The listing below must be repeated word for word, without its pictures.
== Supplied data
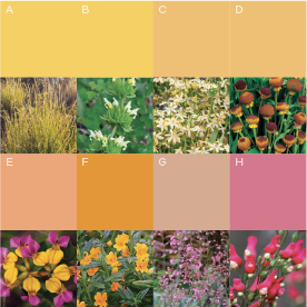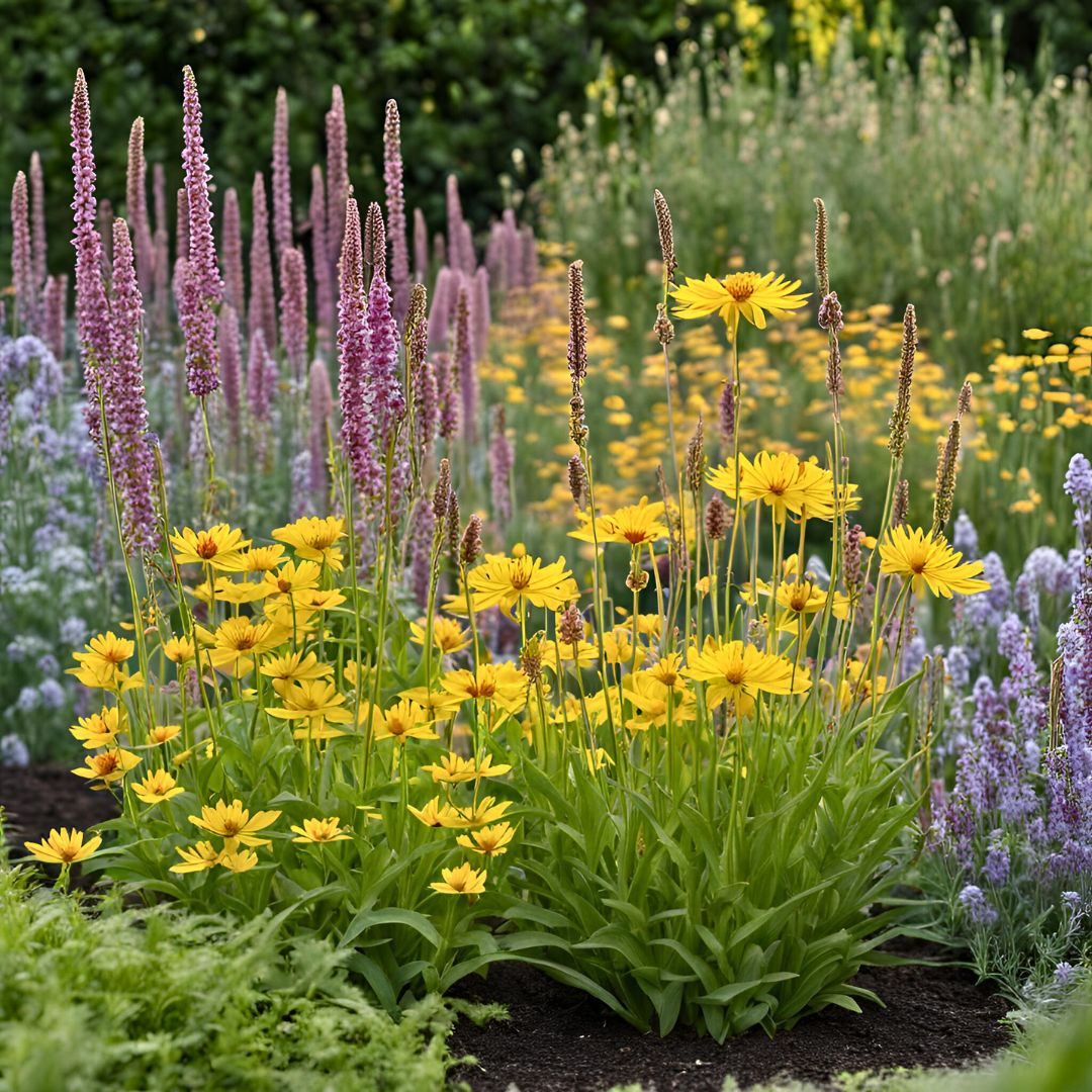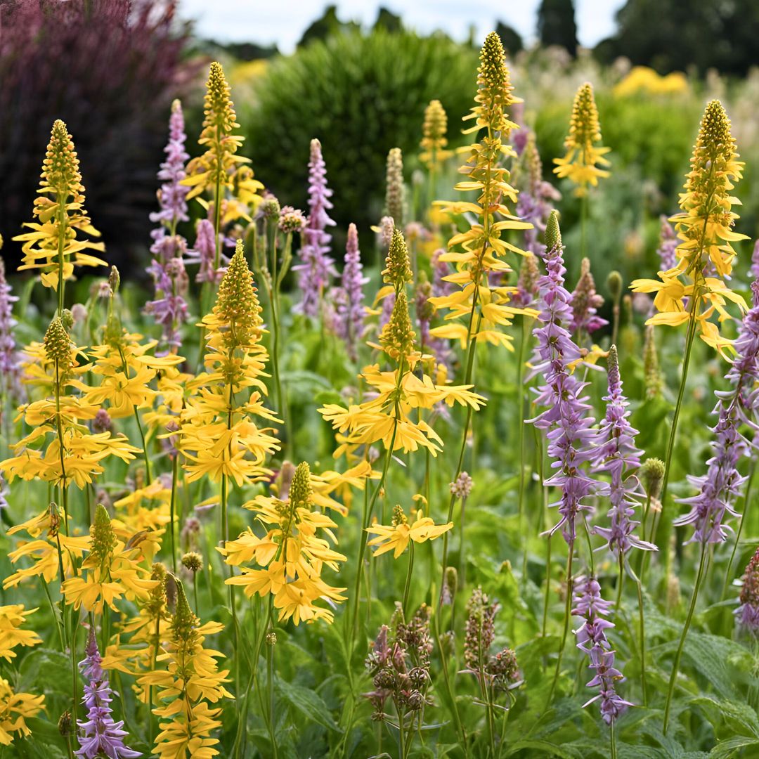 In a garden inspired by the breathtaking hues of a Joshua Tree National Park sunset, an enchanting tapestry of colors unfolds. Melical imperfecta, with it's delicate stems adorned in feathery plumes of gold, dances in the evening breeze, echoing the warm glow of the fading sun. Salvia spathacea yellow adds vibrant pops of yellow, reminiscent of the radiant hues that streak across the sky, while Triteleia ixidiodes blooms in shades of peach and coral, mirroring the soft pastels of twilight. Amidst this harmonious symphony of colors, Helenium puberulum bursts forth with fiery orange blooms, evoking the fiery intensity of the setting sun. Lotus fomosissimus unfurls its velvety crimson petals, adding depth and richness to the garden palette, while Diplacus aurantiacus paints the landscape with shades of orange and gold, reminiscent of the desert's rugged beauty and Heuchera maxima adds a touch of elegance with its silvery foliage tinged with pink. Together, these plants create a garden oasis that captures the magic and allure of a Joshua Tree National Park sunset.
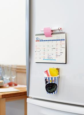 キッチン雑貨の定番、冷蔵庫に貼って使うマグネットには、「ずり落ちる」「開閉しづらい」などの不満が付きものです。「マグネットクリップ ホールド.」は、新開発のホールドラバーがスチール面にフィットし、その摩擦でずり落ちを予防する仕組みで、2015年度グッドデザイン賞を受賞しました。一般的なレシピ本(厚さ1cm重さ550g程度まで)もしっかりキープします。またプラス独自の機能「パワーアシストメカニズム」※によりクリップも軽い力で開けられます。キッチンで頻繁に使うレシピの切り抜きやカレンダー、ふきんなどのキッチン小物を留めるのにも便利です。カラーは3色。メーカー希望小売価格(税抜)は460円です。
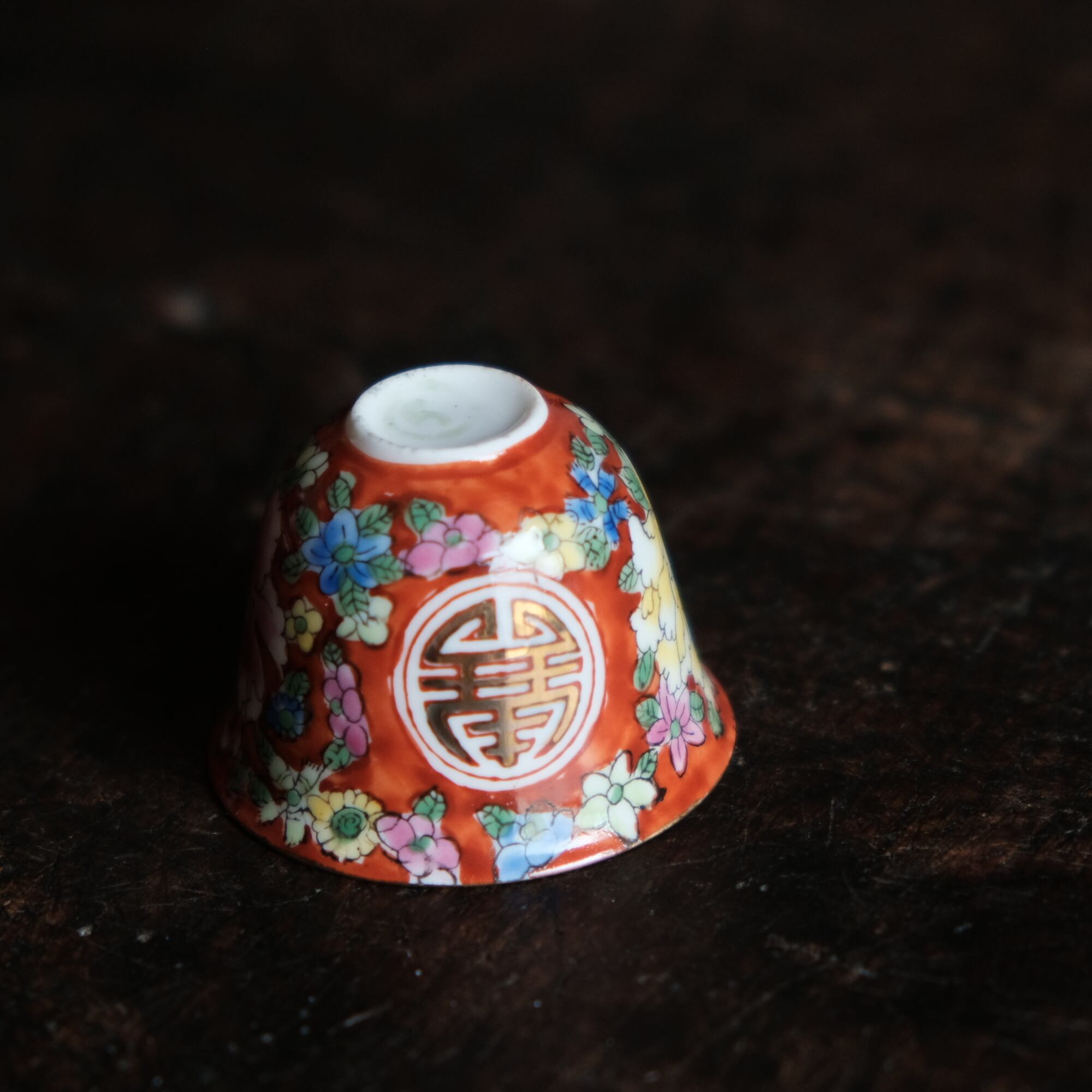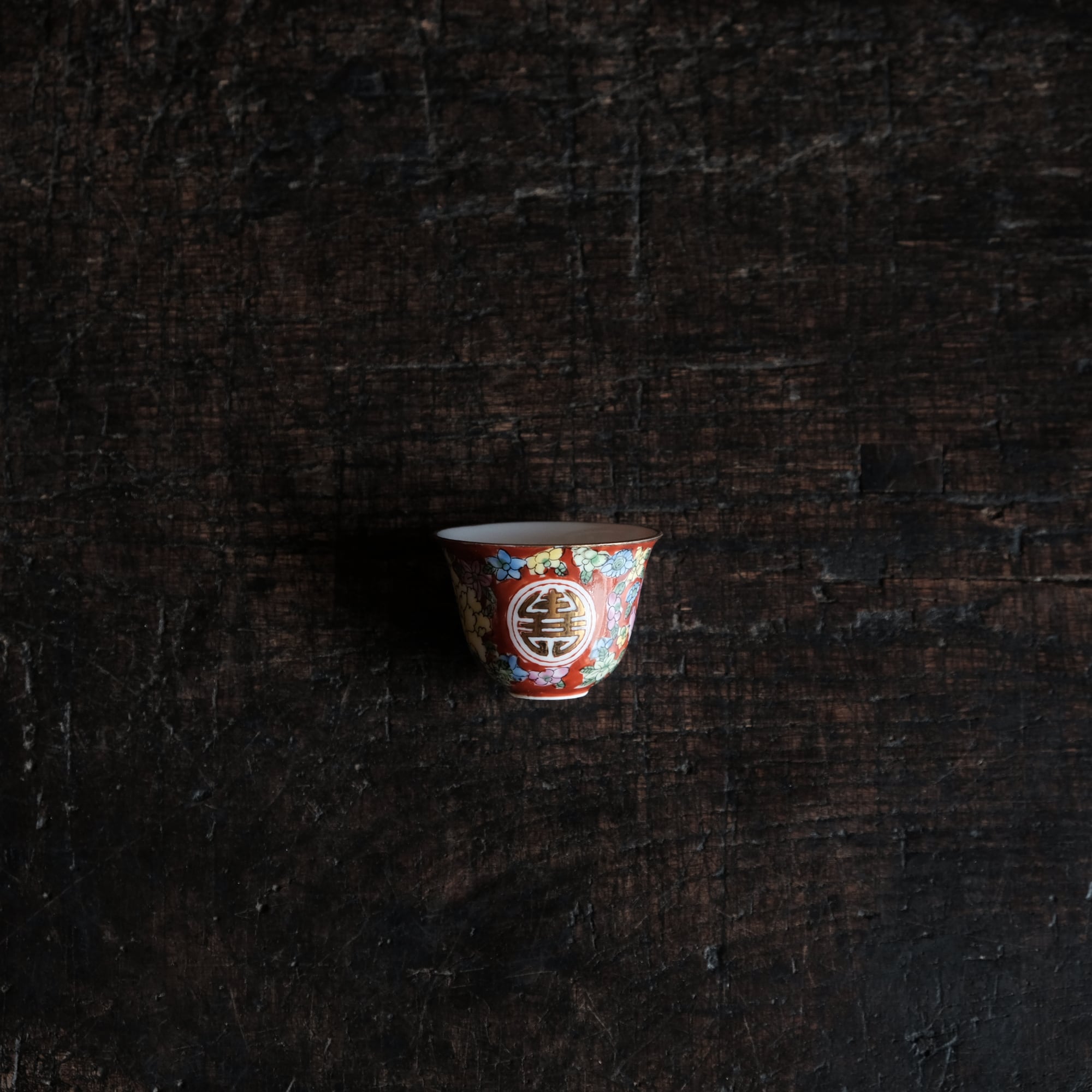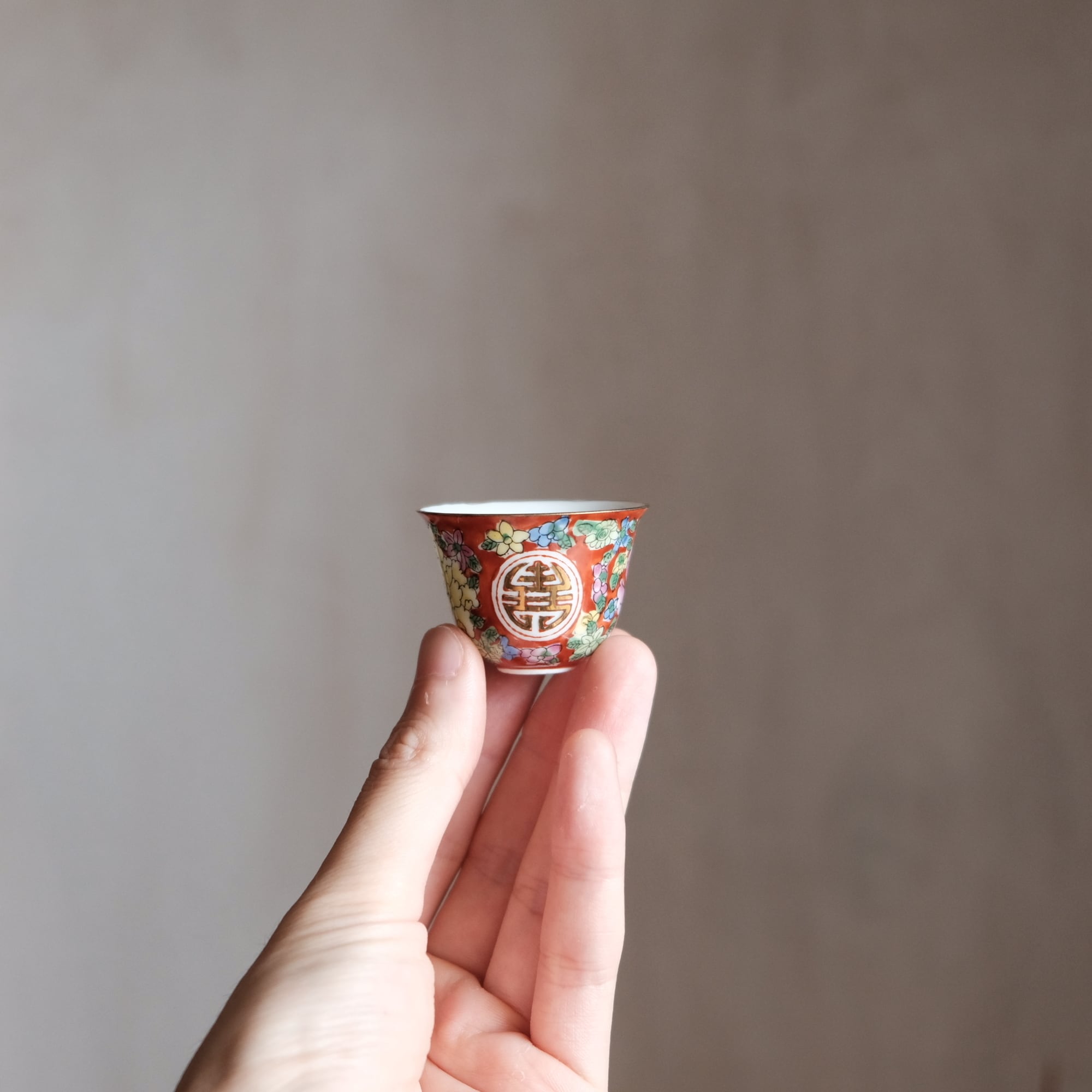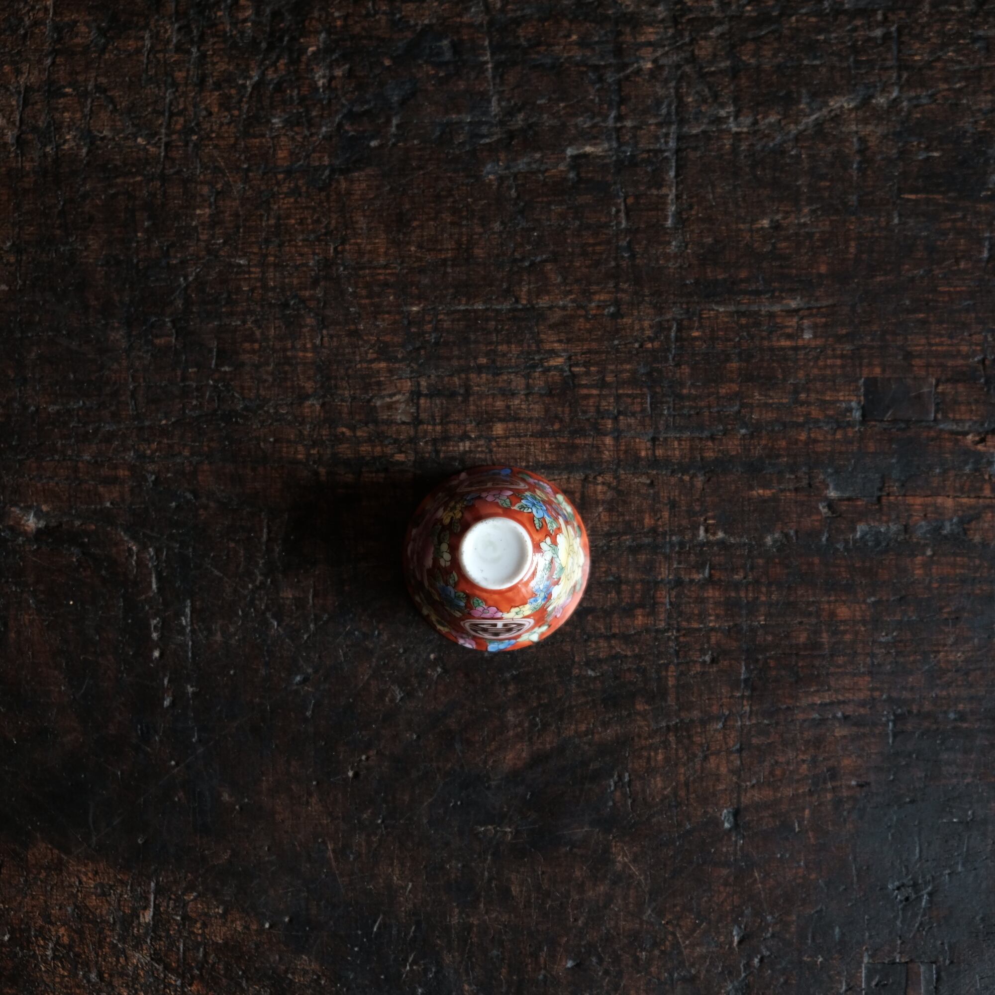 赤にカラフルな花と漢字◆中国産色絵金彩小ぶり猪口(茶杯) 器 チャイナレトロ シノワズリ インテリアオブジェ
====
> _Response box_:
 In a garden inspired by the breathtaking hues of a Joshua Tree National Park sunset, an enchanting tapestry of colors unfolds. Melical imperfecta, with it's delicate stems adorned in feathery plumes of gold, dances in the evening breeze, echoing the warm glow of the fading sun. Salvia spathacea yellow adds vibrant pops of yellow, reminiscent of the radiant hues that streak across the sky, while Triteleia ixidiodes blooms in shades of peach and coral, mirroring the soft pastels of twilight. Amidst this harmonious symphony of colors, Helenium puberulum bursts forth with fiery orange blooms, evoking the fiery intensity of the setting sun. Lotus fomosissimus unfurls its velvety crimson petals, adding depth and richness to the garden palette, while Diplacus aurantiacus paints the landscape with shades of orange and gold, reminiscent of the desert's rugged beauty and Heuchera maxima adds a touch of elegance with its silvery foliage tinged with pink. Together, these plants create a garden oasis that captures the magic and allure of a Joshua Tree National Park sunset.
 キッチン雑貨の定番、冷蔵庫に貼って使うマグネットには、「ずり落ちる」「開閉しづらい」などの不満が付きものです。「マグネットクリップ ホールド.」は、新開発のホールドラバーがスチール面にフィットし、その摩擦でずり落ちを予防する仕組みで、2015年度グッドデザイン賞を受賞しました。一般的なレシピ本(厚さ1cm重さ550g程度まで)もしっかりキープします。またプラス独自の機能「パワーアシストメカニズム」※によりクリップも軽い力で開けられます。キッチンで頻繁に使うレシピの切り抜きやカレンダー、ふきんなどのキッチン小物を留めるのにも便利です。カラーは3色。メーカー希望小売価格(税抜)は460円です。
 赤にカラフルな花と漢字◆中国産色絵金彩小ぶり猪口(茶杯) 器 チャイナレトロ シノワズリ インテリアオブジェ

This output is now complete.